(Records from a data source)
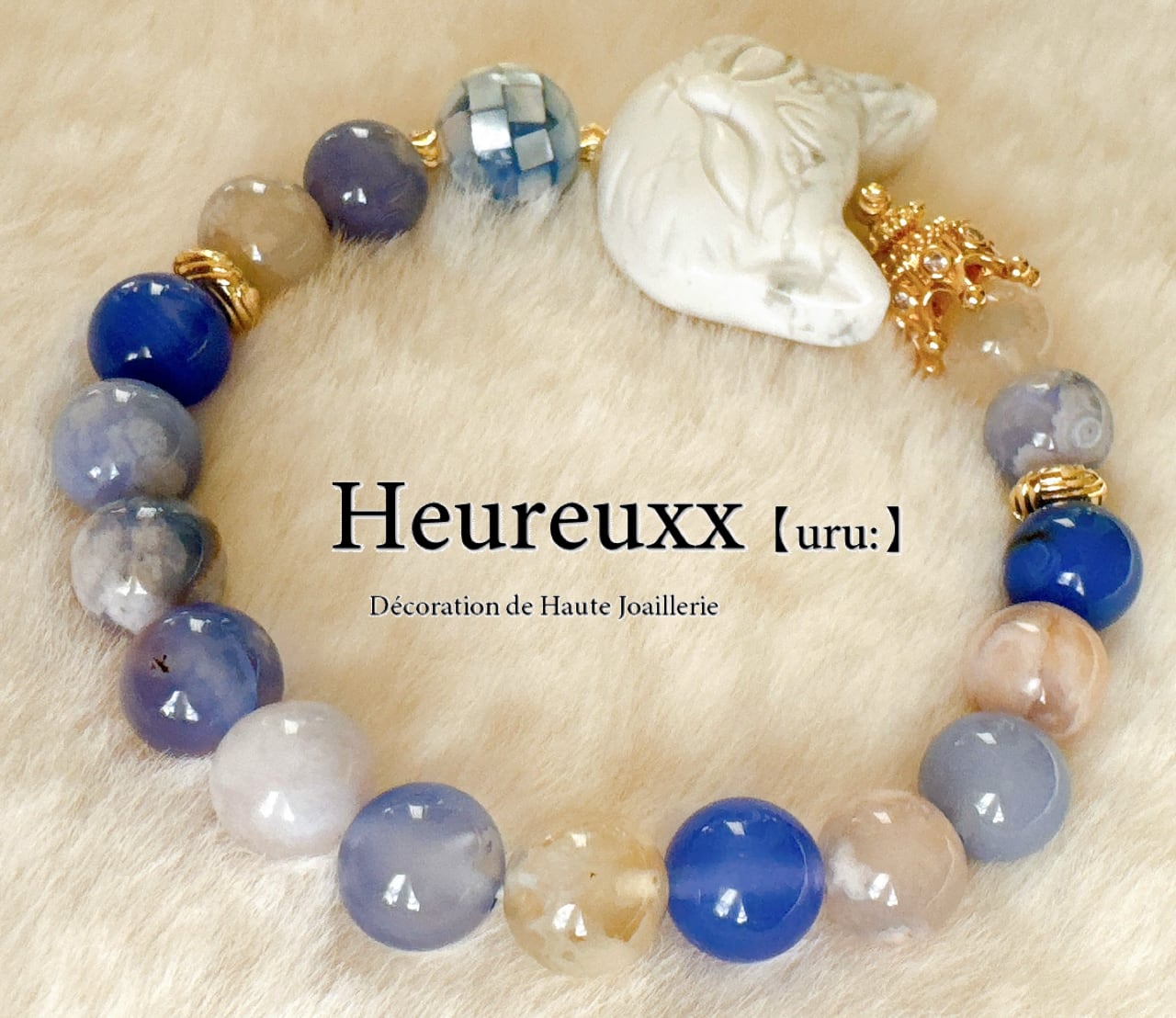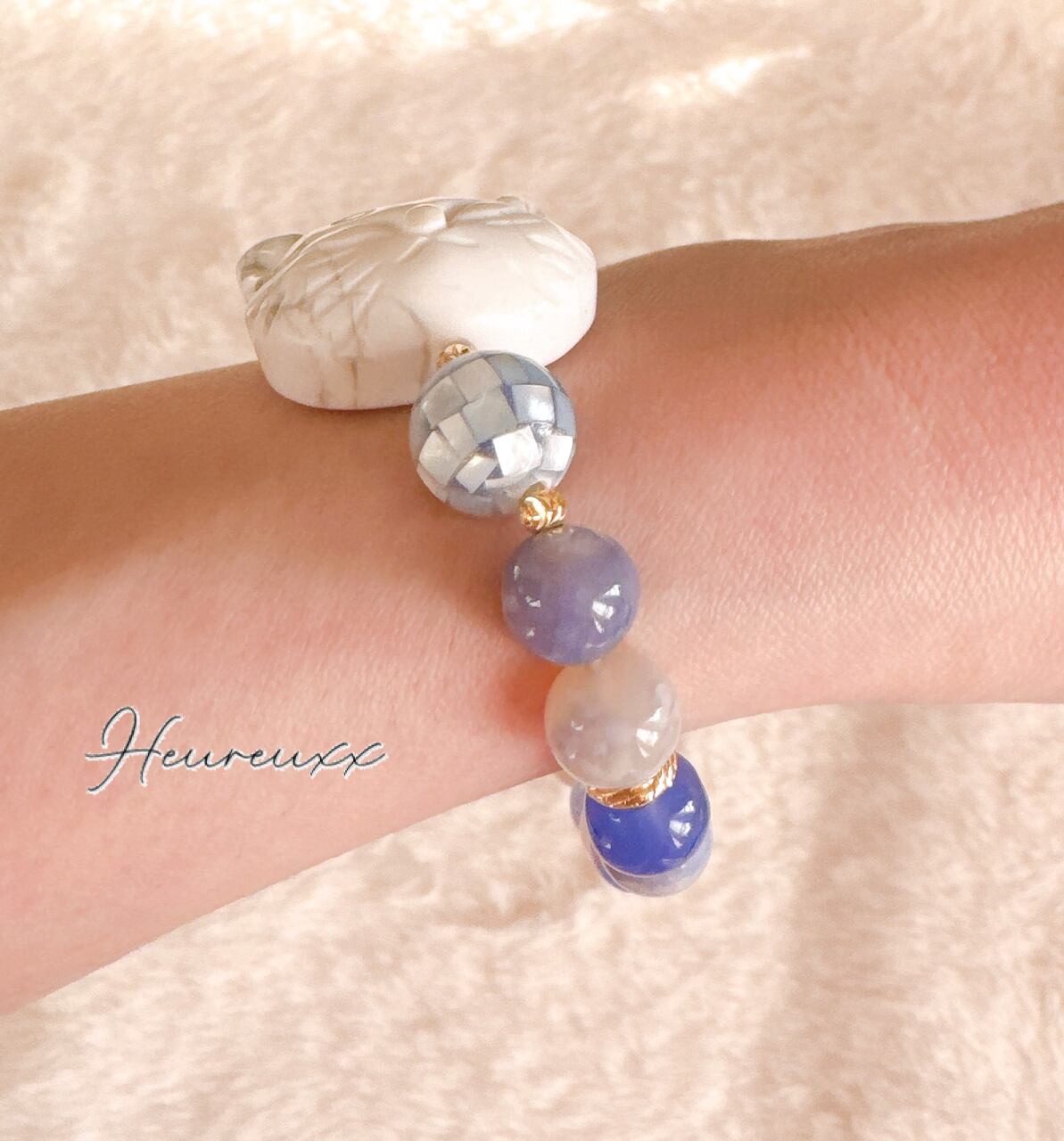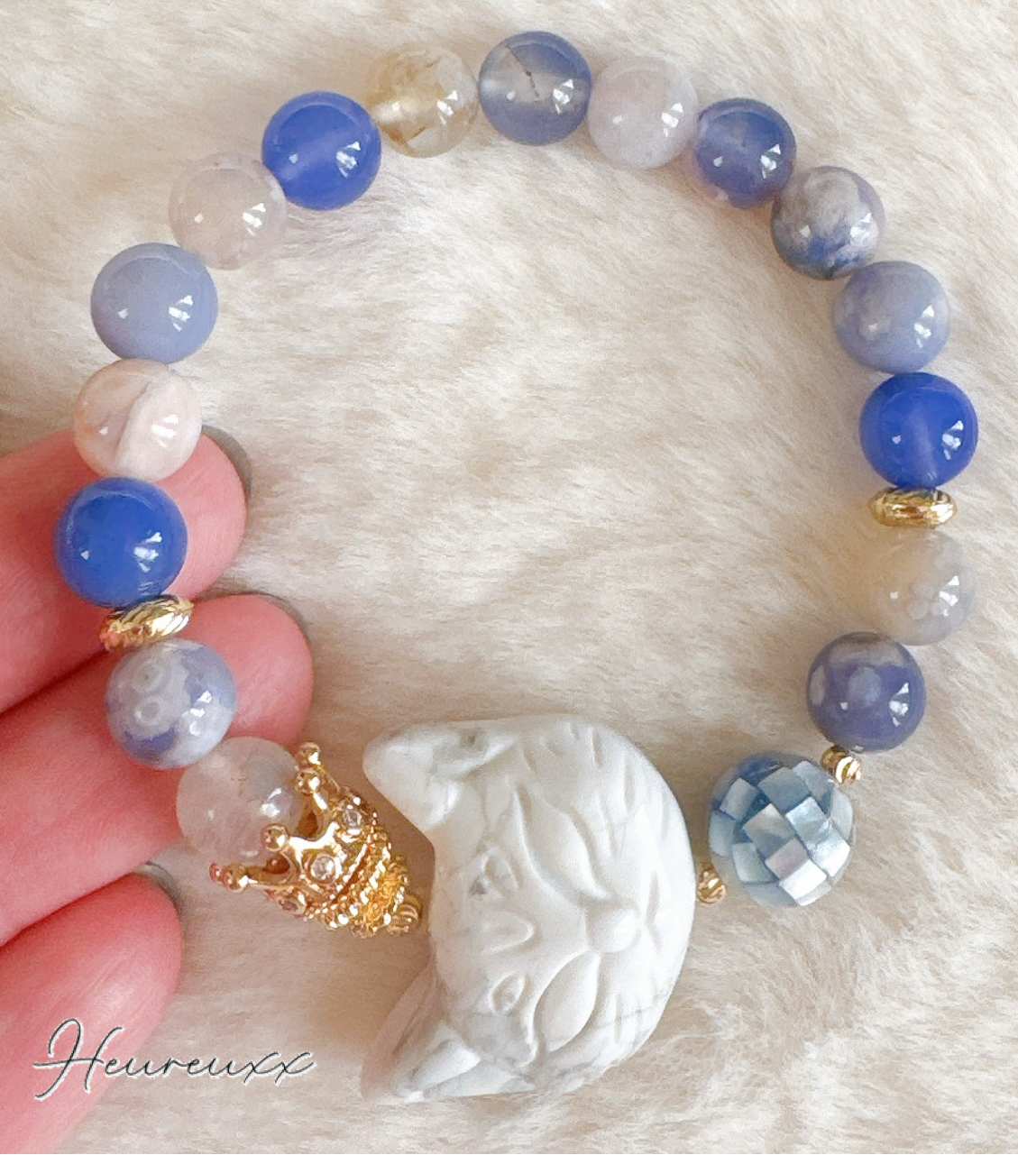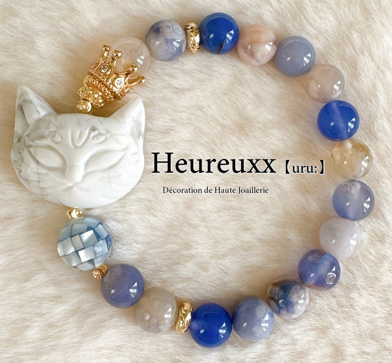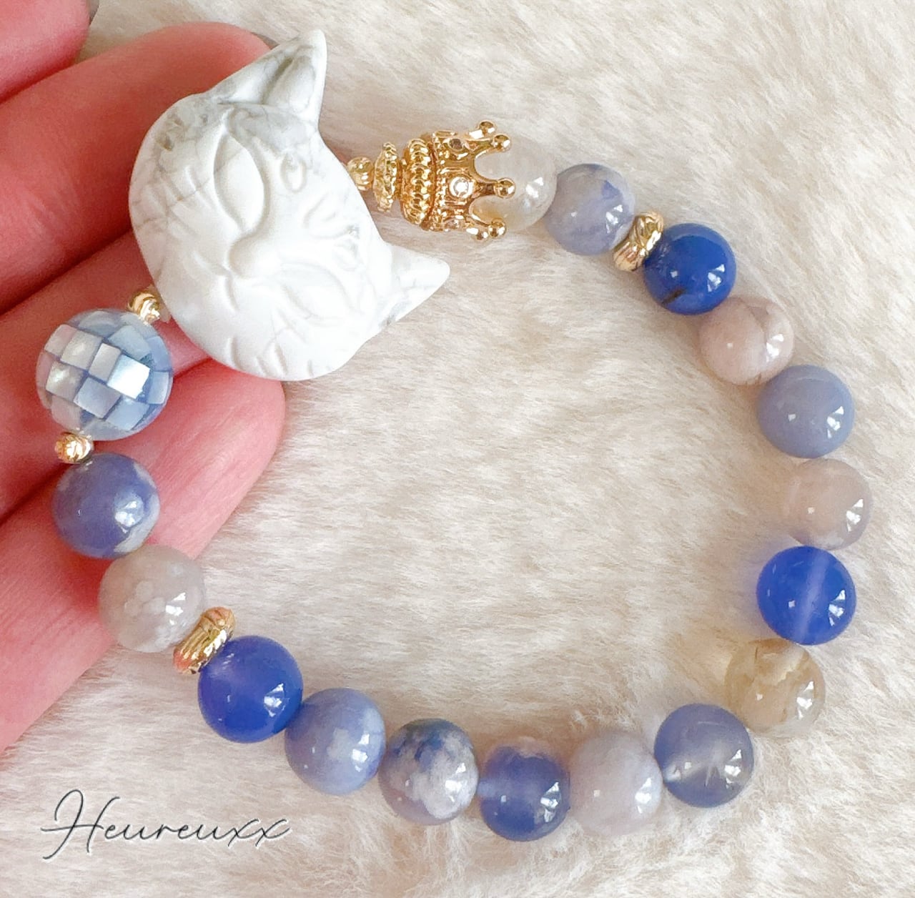 ブルー桜瑪瑙にハウライトの猫を合わせ、モザイクシェルを添えました❁⃘*.゚
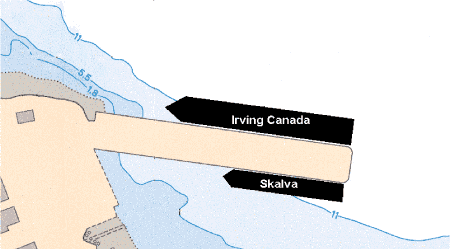 During the cooling-off period of 04 to 11 January 2006, with cargo hatches closed following the CO2 discharge into the hold, the tanker Irving Canada arrived at the port to discharge a cargo of gasoline and diesel products. On 06 January 2006, the tanker Irving Canada requested to tie up to the north side of the public wharf, 35 m from the Skalva on the south side, but the request was refused by TC Harbour Operations in consultation with TC Marine Safety.
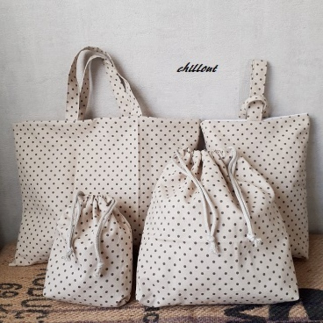 ハーフリネンのチャコールドット柄の入園バッグ4点セットが出来上がりました!
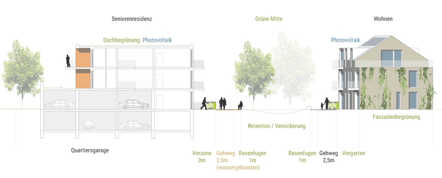 Das durchdachte Konzept erlaubt eine flexible Erweiterung des Quartiers nach Osten, indem ein Erschließungsring angefügt und die Hofstruktur gespiegelt wird. Gleichzeitig sorgen naturnahe Gestaltungselemente wie Versickerungsmulden für nachhaltiges Regenwassermanagement und eine harmonische Einbindung in die Umgebung.
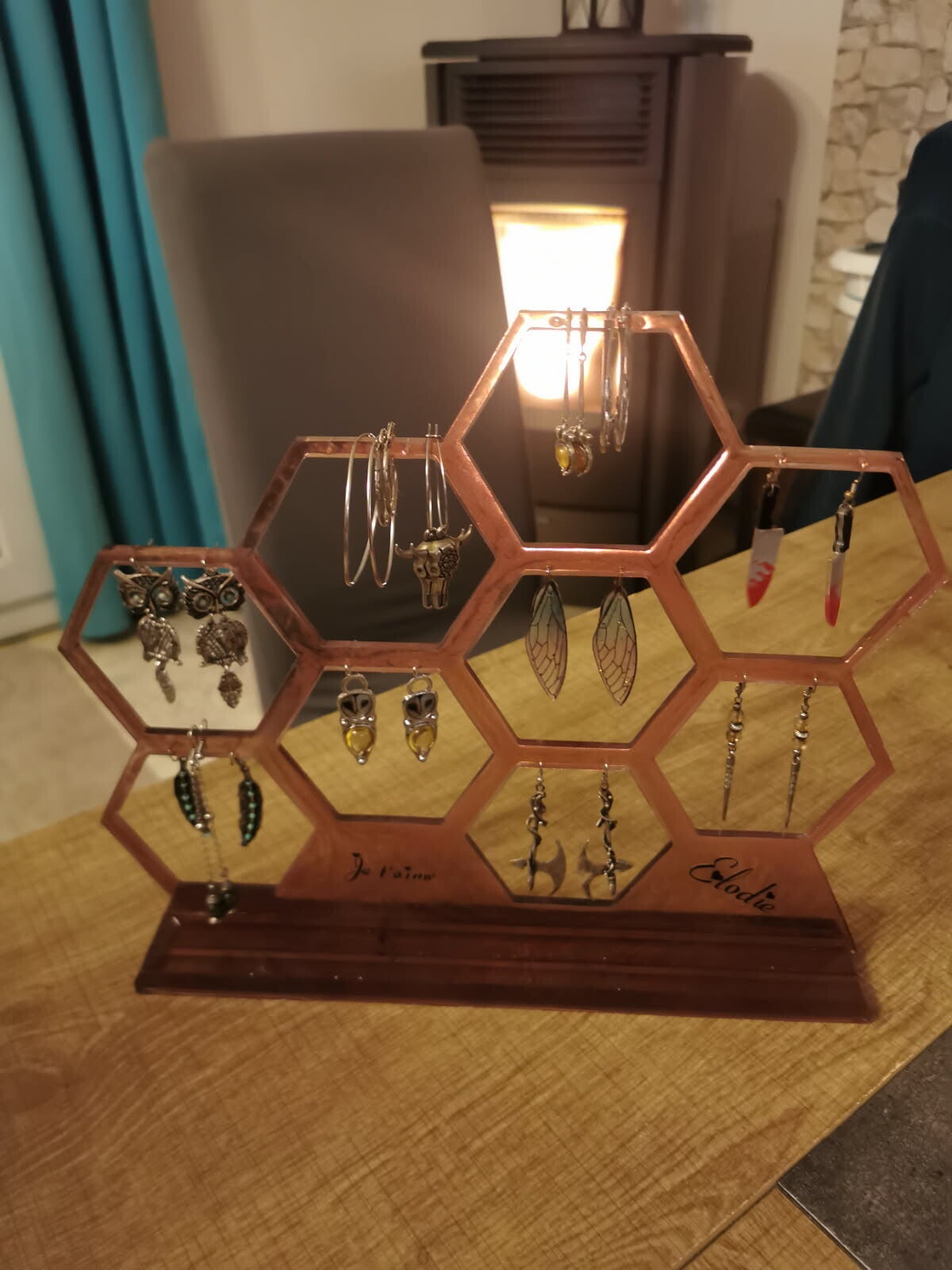 💎Présentoir à bijoux en résine, fait main, au design original en forme de nid d’abeille 🐝
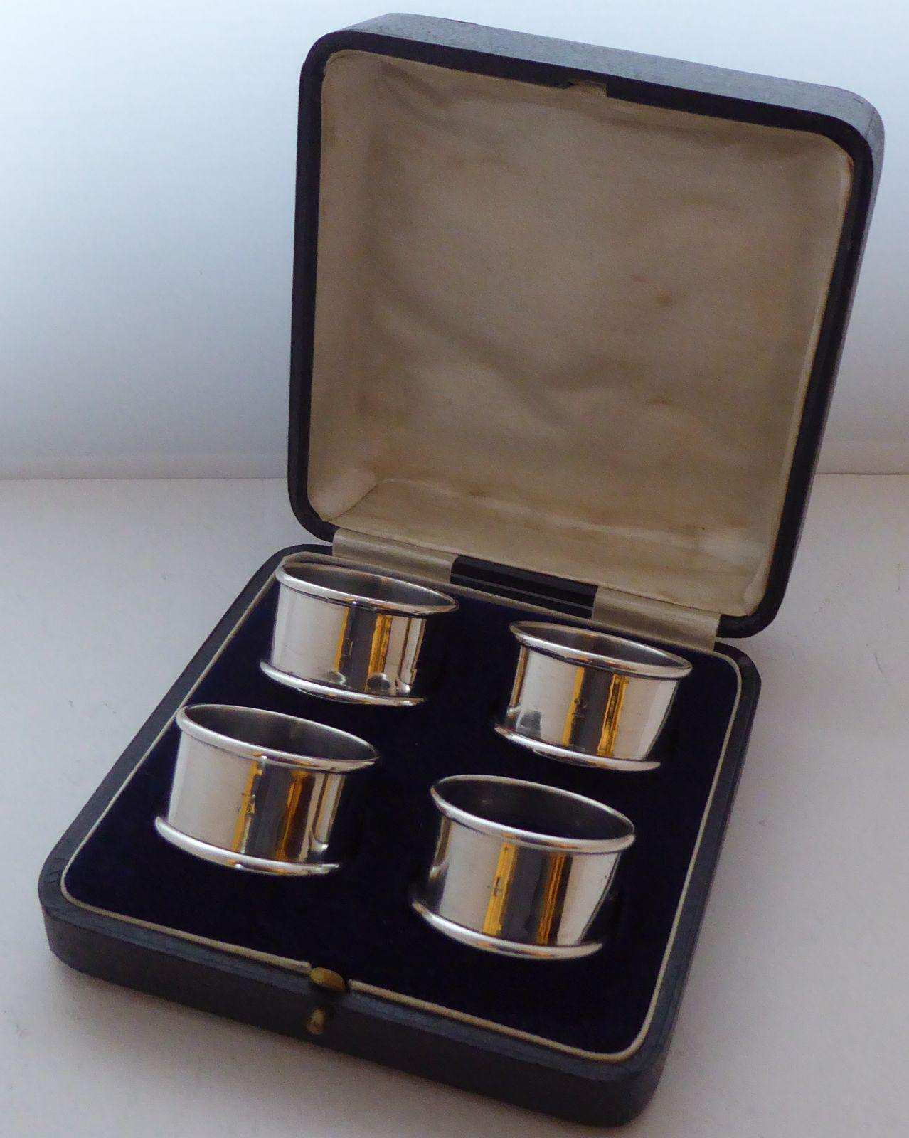 Boxed Set 4 1919 Hallmarked Solid Silver Napkin Rings Serviette Ring

Prompt =
Skipping any pictures, copy the entries exactly as they appear.

Result of this task =
 ブルー桜瑪瑙にハウライトの猫を合わせ、モザイクシェルを添えました❁⃘*.゚
 During the cooling-off period of 04 to 11 January 2006, with cargo hatches closed following the CO2 discharge into the hold, the tanker Irving Canada arrived at the port to discharge a cargo of gasoline and diesel products. On 06 January 2006, the tanker Irving Canada requested to tie up to the north side of the public wharf, 35 m from the Skalva on the south side, but the request was refused by TC Harbour Operations in consultation with TC Marine Safety.
 ハーフリネンのチャコールドット柄の入園バッグ4点セットが出来上がりました!
 Das durchdachte Konzept erlaubt eine flexible Erweiterung des Quartiers nach Osten, indem ein Erschließungsring angefügt und die Hofstruktur gespiegelt wird. Gleichzeitig sorgen naturnahe Gestaltungselemente wie Versickerungsmulden für nachhaltiges Regenwassermanagement und eine harmonische Einbindung in die Umgebung.
 💎Présentoir à bijoux en résine, fait main, au design original en forme de nid d’abeille 🐝
 Boxed Set 4 1919 Hallmarked Solid Silver Napkin Rings Serviette Ring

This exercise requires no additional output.